_DATA FOR THE TASK_

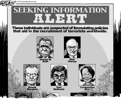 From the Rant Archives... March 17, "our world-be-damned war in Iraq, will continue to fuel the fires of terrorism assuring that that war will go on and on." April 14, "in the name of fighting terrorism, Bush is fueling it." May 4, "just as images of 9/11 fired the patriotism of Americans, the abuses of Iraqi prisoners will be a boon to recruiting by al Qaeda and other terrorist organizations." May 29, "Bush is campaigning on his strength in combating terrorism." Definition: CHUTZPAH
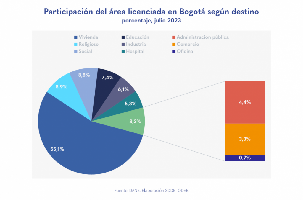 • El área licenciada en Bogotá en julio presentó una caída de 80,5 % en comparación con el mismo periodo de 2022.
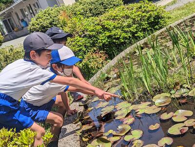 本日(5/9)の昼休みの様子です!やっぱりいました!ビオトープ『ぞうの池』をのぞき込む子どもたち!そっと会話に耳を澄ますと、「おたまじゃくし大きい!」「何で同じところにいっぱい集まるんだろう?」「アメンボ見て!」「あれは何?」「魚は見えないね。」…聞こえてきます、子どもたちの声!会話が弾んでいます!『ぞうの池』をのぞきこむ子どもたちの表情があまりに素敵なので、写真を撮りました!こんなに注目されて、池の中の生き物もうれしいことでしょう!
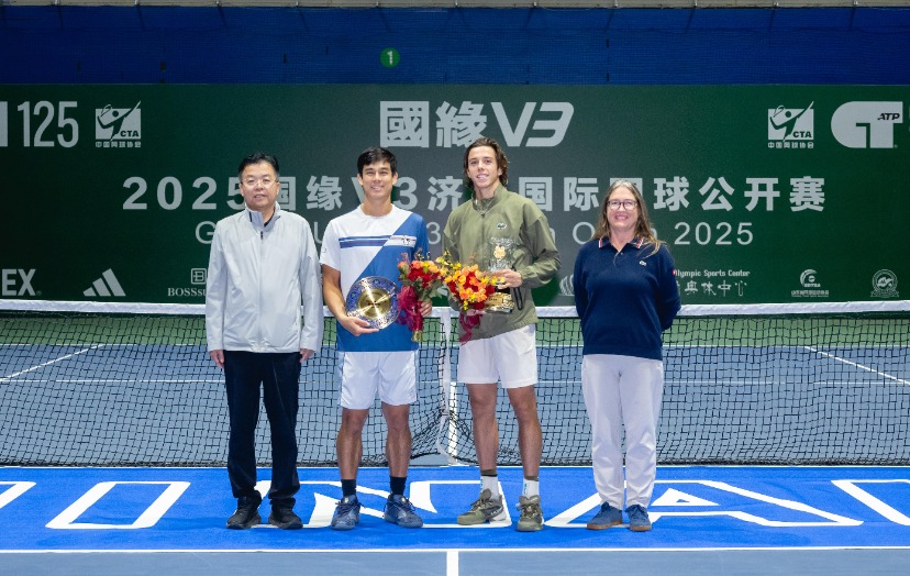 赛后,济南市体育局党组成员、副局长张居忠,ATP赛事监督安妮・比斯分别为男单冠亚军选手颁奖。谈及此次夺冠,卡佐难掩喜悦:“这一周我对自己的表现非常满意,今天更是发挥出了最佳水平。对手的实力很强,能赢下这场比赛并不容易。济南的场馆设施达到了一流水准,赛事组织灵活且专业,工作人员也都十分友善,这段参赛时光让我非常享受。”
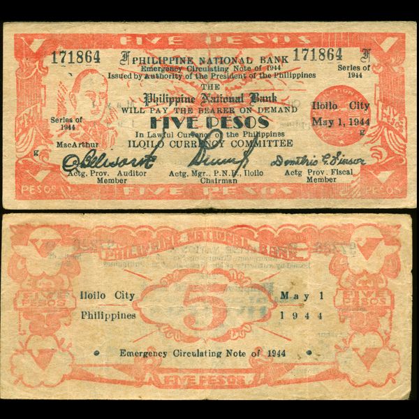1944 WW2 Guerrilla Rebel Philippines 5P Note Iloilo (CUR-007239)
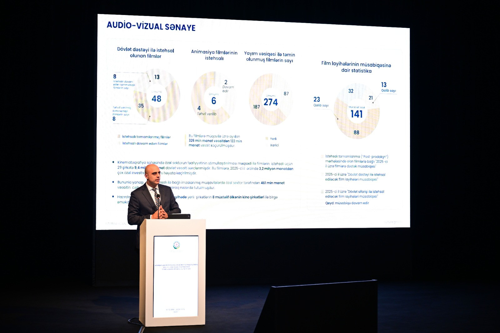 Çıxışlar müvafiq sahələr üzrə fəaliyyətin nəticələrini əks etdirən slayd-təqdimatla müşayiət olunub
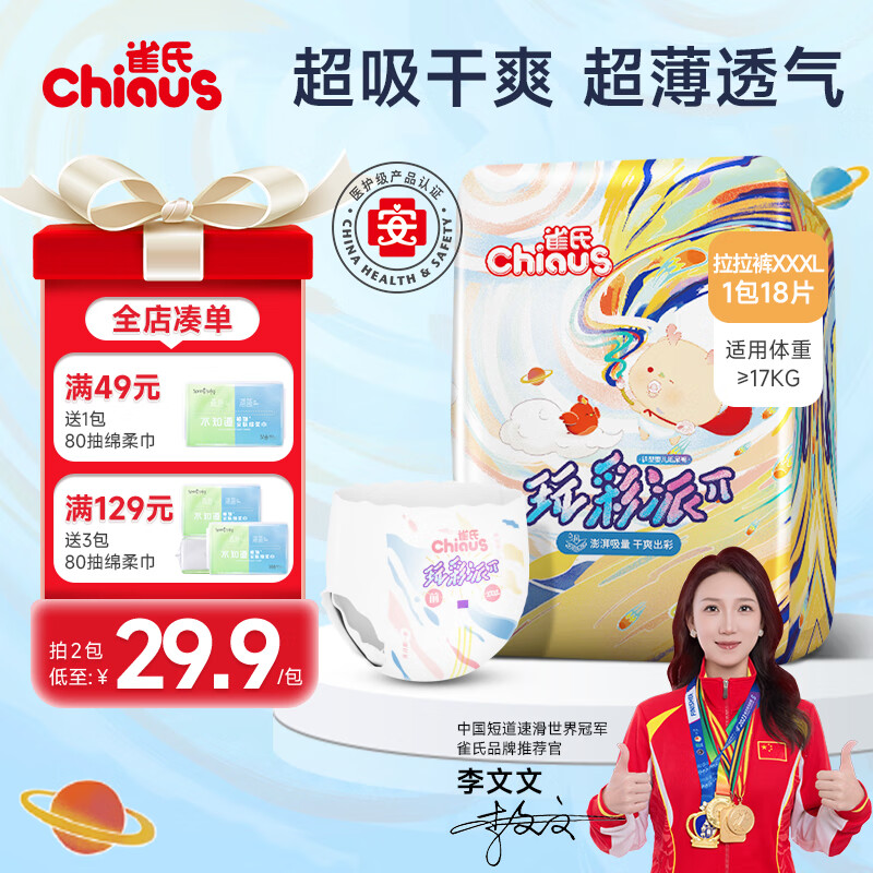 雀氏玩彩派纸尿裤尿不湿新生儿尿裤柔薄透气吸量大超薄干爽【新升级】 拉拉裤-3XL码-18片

...

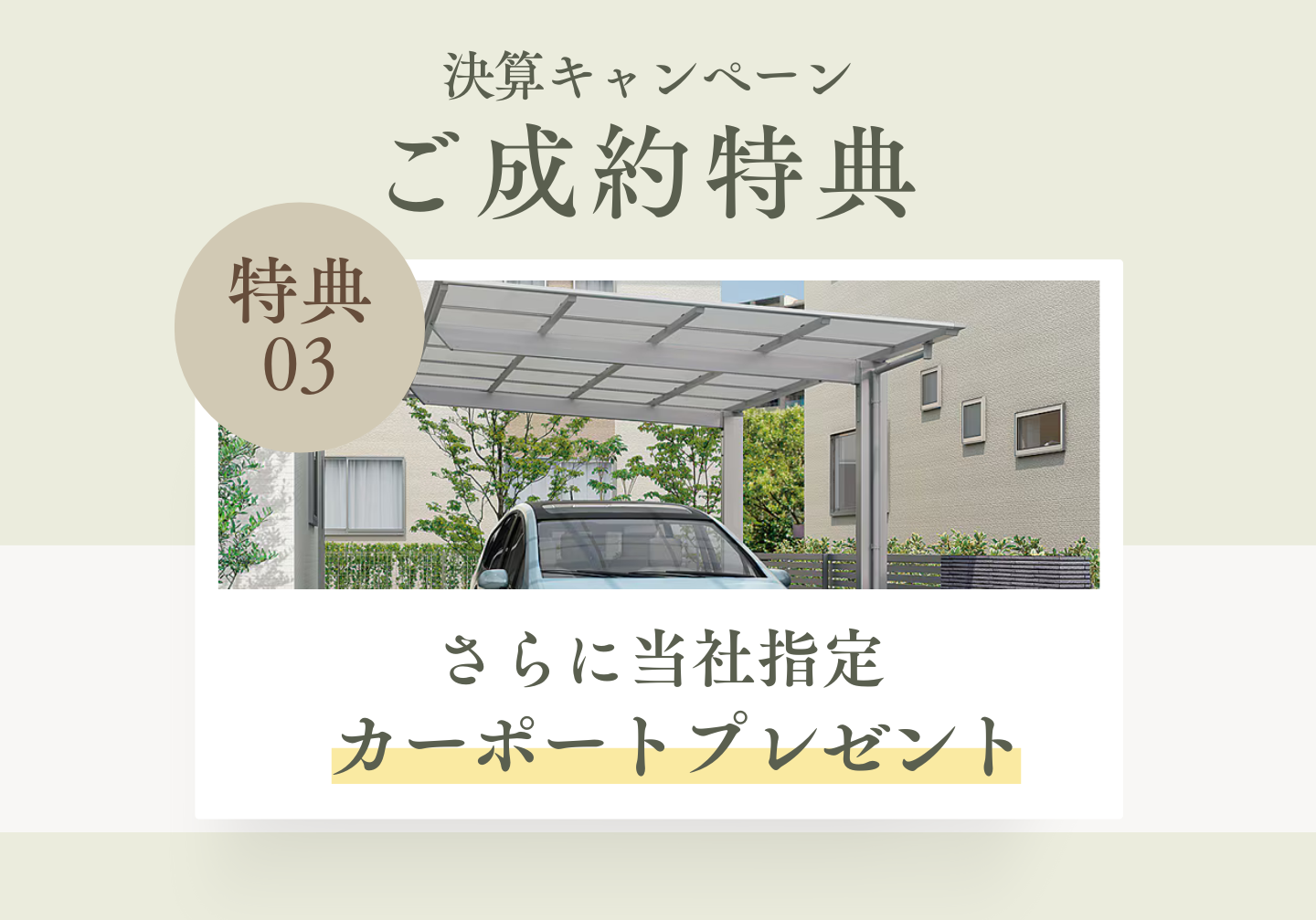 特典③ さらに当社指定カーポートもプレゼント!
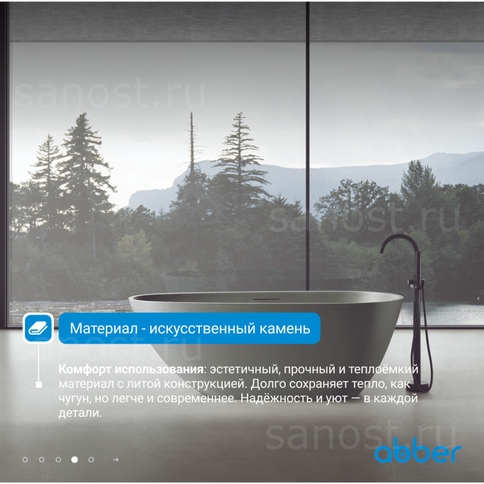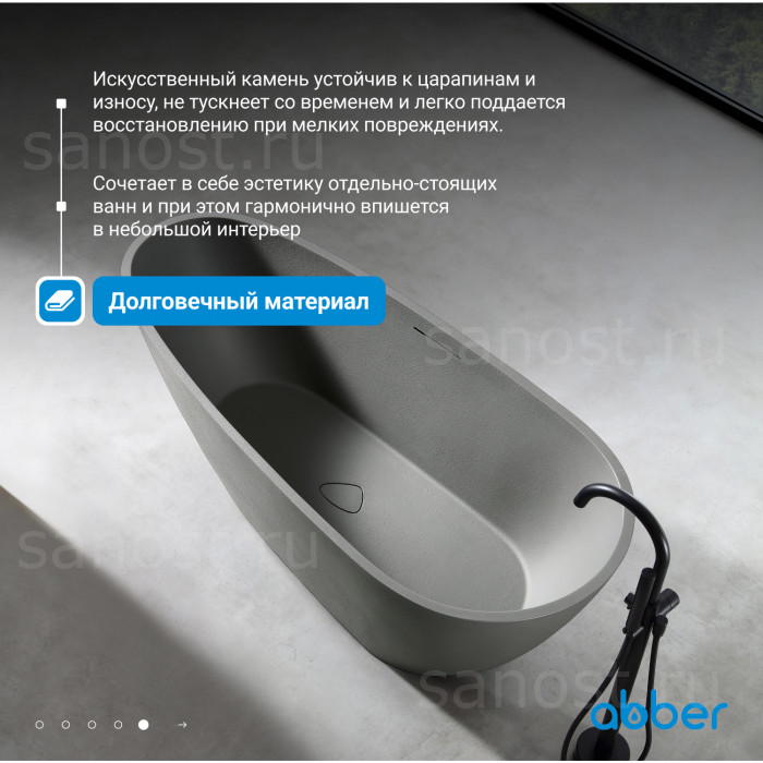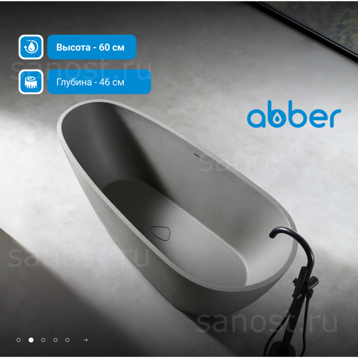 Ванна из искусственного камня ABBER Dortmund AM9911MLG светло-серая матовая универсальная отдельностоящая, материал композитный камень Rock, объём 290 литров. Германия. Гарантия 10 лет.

_EXERCISE DIRECTIONS_
All that is wanted is the lines above between the one containing "本日(5/9)の昼休みの様子" and the one containing "雀氏玩彩派纸尿裤尿不湿新生儿", inclusive, restated word for word, with pictures omitted.

_OUTPUT OF THE EXERCISE_
 本日(5/9)の昼休みの様子です!やっぱりいました!ビオトープ『ぞうの池』をのぞき込む子どもたち!そっと会話に耳を澄ますと、「おたまじゃくし大きい!」「何で同じところにいっぱい集まるんだろう?」「アメンボ見て!」「あれは何?」「魚は見えないね。」…聞こえてきます、子どもたちの声!会話が弾んでいます!『ぞうの池』をのぞきこむ子どもたちの表情があまりに素敵なので、写真を撮りました!こんなに注目されて、池の中の生き物もうれしいことでしょう!
 赛后,济南市体育局党组成员、副局长张居忠,ATP赛事监督安妮・比斯分别为男单冠亚军选手颁奖。谈及此次夺冠,卡佐难掩喜悦:“这一周我对自己的表现非常满意,今天更是发挥出了最佳水平。对手的实力很强,能赢下这场比赛并不容易。济南的场馆设施达到了一流水准,赛事组织灵活且专业,工作人员也都十分友善,这段参赛时光让我非常享受。”
1944 WW2 Guerrilla Rebel Philippines 5P Note Iloilo (CUR-007239)
 Çıxışlar müvafiq sahələr üzrə fəaliyyətin nəticələrini əks etdirən slayd-təqdimatla müşayiət olunub
 雀氏玩彩派纸尿裤尿不湿新生儿尿裤柔薄透气吸量大超薄干爽【新升级】 拉拉裤-3XL码-18片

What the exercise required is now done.